13. Racemic Epinephrine vs Albuterol

  • Racemic Epinephrine:

    • Action: Provides alpha-1 vasoconstriction for upper airway issues such as stridor or croup.

  • Albuterol:

    • Selective for β agonists targeting lower airway bronchospasm.

14. Xanthines

  • Theophylline / Caffeine:

    • Function: Serve as weak bronchodilators and phosphodiesterase (PDE) inhibitors.

    • Warning: Narrow therapeutic window with risk of toxicity.

15. Sources of Medications

  • Natural: Derived from plant, animal, or mineral sources (e.g., epinephrine).

  • Synthetic: Created in laboratories (e.g., albuterol).

  • Biological: Produced via DNA technology (e.g., Pulmozyme, Surfactant).

16. Beta-2 Agonist Dilators vs Inflammation

  • Beta-2 Agonists: Primarily treat bronchoconstriction.

  • Inflammation: Requires intervention with corticosteroids.

17. Function of Mucus

  • Protects airway, captures particles, and humidifies inspired air.

18. Diseases Related to Excess Mucus

  • Conditions include chronic bronchitis, asthma, and cystic fibrosis.

19. Endogenous vs Exogenous Drugs

  • Endogenous: Produced naturally by the body (e.g., epinephrine, cortisol).

  • Exogenous: Pharmacological agents provided from outside sources (e.g., albuterol, Pulmozyme).

20. Bronchodilation vs Bronchoconstriction

  • Bronchodilation: Promoted by β agonists and anticholinergics.

  • Bronchoconstriction: Caused by cholinergic stimulation, inflammation, and mucus accumulation.

21. Nebulizer Particle Size

  • Optimal particle size for airway deposition is between 1–5 microns.

22. Main Cells in Asthma

  • Key cells include mast cells, eosinophils, and T-lymphocytes.
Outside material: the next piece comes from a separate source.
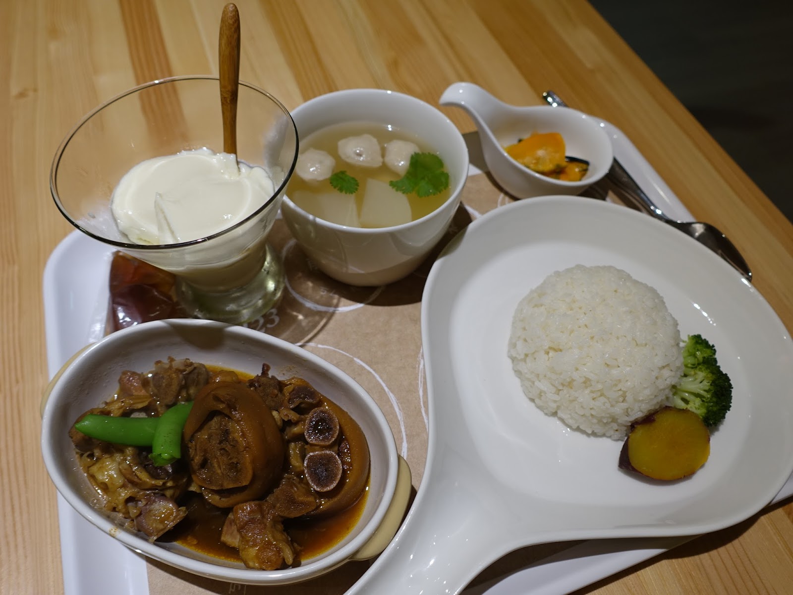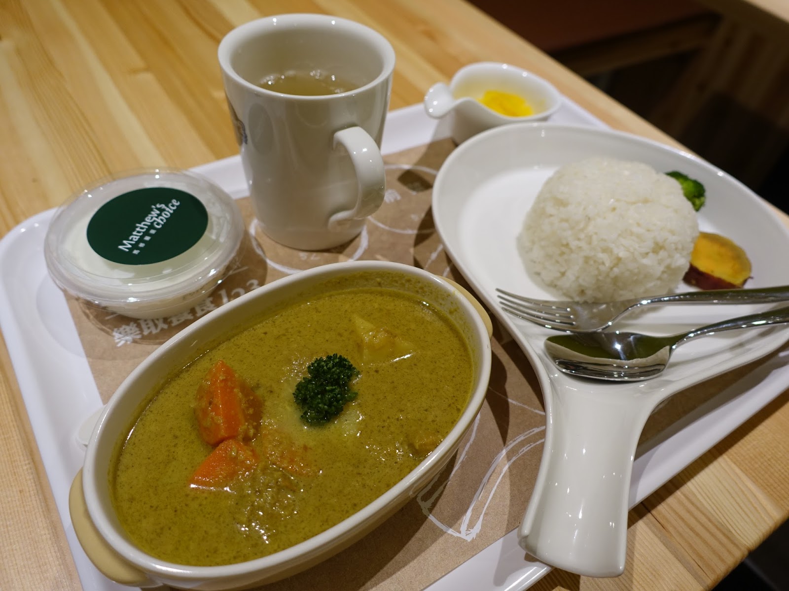 味萬田有機豆花的口感很細緻綿密,很像傳統豆花,淋上糖水後帶著微甜的滑嫩感,是道清爽健康的甜點。而馬修嚴選的原味優格,帶著微酸的口感,沒有淋果醬應該很多人吃不慣,但加果醬要再加20元,這是道很健康的點心,但在吃完濃重的咖哩後吃優格,感覺不搭。

23. Drug Names — Trade, Chemical, Brand

Types of Drug Names

  • Chemical Name: Scientific designation representing the drug’s composition.

  • Generic Name: The official, non-proprietary name (e.g., albuterol).

  • Brand/Trade Name: Name given by the manufacturer (e.g., Ventolin, ProAir).

24. What Medication is Used for Caffeine?

  • Caffeine, classified as a methylxanthine, is utilized in the treatment of apnea of prematurity.

    • Mechanism: Increases respiratory drive and reduces apnea frequency in neonates.

25. Primary Neurotransmitters

  • Parasympathetic Neurotransmitter: Acetylcholine.

  • Sympathetic Neurotransmitters: Epinephrine and Norepinephrine.